Task statement
Only the lines from the one containing "Ortsplan von Vico" through the end of the entries should be returned, exactly as they are, with the pictures omitted.

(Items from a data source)
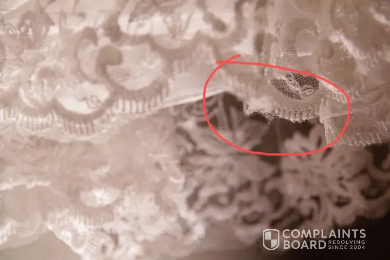 First of all, the lace on my wedding dress came burned in 3 places. Next, despite the fact that I gave them my exact custom measurements, it is nearly 2 sizes too big. The lace is very poor quality and is sewn very crookedly. There are a great deal of lose threads. After contacting the company, I have, thus far, been denied a refund for the price of the dress. I was willing to accept the losses for the price of shipping, but not for the price of the dress. Dressale has asked me to "understand their losses" and has told me they "cannot afford to lose the money on the dress". As a consumer, that is not my problem. As a business, it is their problem. My advice? Do not EVER buy a wedding dress from dressale.com! You'd be much better off going to David's Bridal, where you can get much better quality and still pay a very reasonable price!
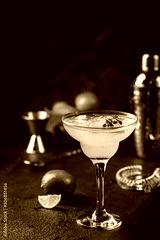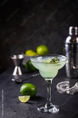margarita cocktail with lime in a glass on dark background
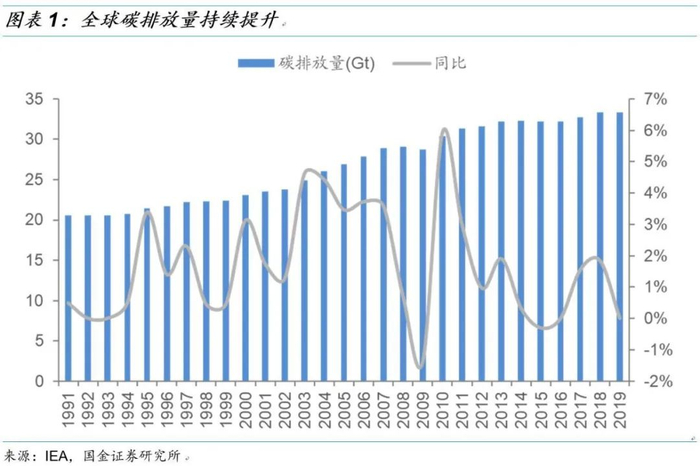 空气污染和大气问题引起全球重视。进入21世纪,在传统的环境问题治理基础上,大气问题也不断引起重视,由于温室气体的排放,全球变暖正在持续,根据IPCC预计从1990年到2100年全球气温将升高1.4℃—5.8℃。多年来全球碳排放总量持续提升,温室效应带来的冰川融化,海平面上升等一系列问题使得全球各国不断加强对温室气体排放的管控。而生物能源可再生、污染小,是燃料领域化石能源的主要替代产品。
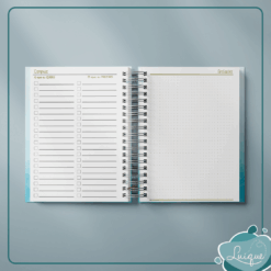 Páginas pontilhadas p/ anotações, planejamento mensal e semanal, roda da vida, resumo do mês, controle financeiro e controle de hábitos não podem faltar em nenhum Planner, né?! 🙂
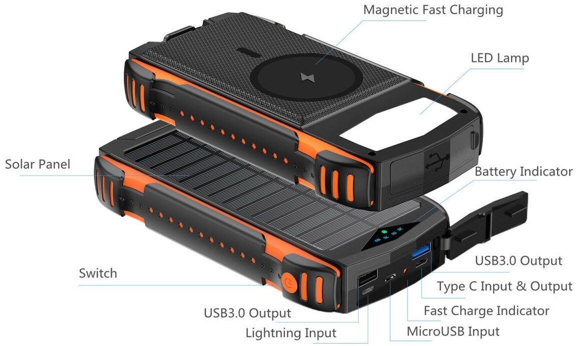 Powerbank mit 7 Anschlüssen und Solarpanel und einer Kapazität von 20000 mAh
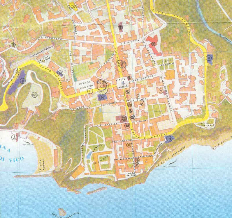 Ortsplan von Vico Equense, dem Standort des Gymnasium Marianum während der Studienfahrt in den Golf von Sorrent.
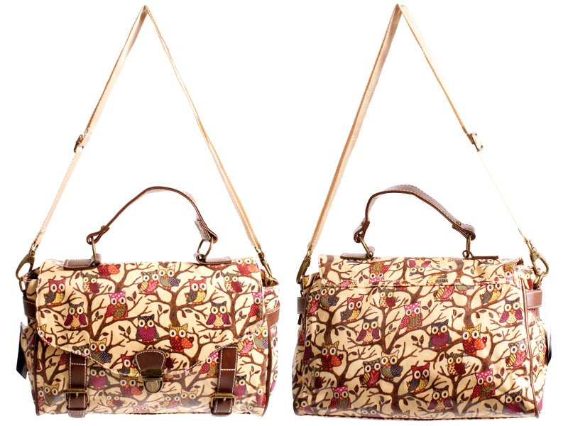 Satchel/messenger fashion bag with owl design and buckle detail, one main zipped compartment under a clip fastening flap. Features a small zipped pocket and two mobile phone pouches inside, has a detachable adjustable shoulder strap and a top grab handle. Dimensions: Height 20cm Width 33cm Depth 10cm Barcode: 5053183013133

Exercise result
 Ortsplan von Vico Equense, dem Standort des Gymnasium Marianum während der Studienfahrt in den Golf von Sorrent.
 Satchel/messenger fashion bag with owl design and buckle detail, one main zipped compartment under a clip fastening flap. Features a small zipped pocket and two mobile phone pouches inside, has a detachable adjustable shoulder strap and a top grab handle. Dimensions: Height 20cm Width 33cm Depth 10cm Barcode: 5053183013133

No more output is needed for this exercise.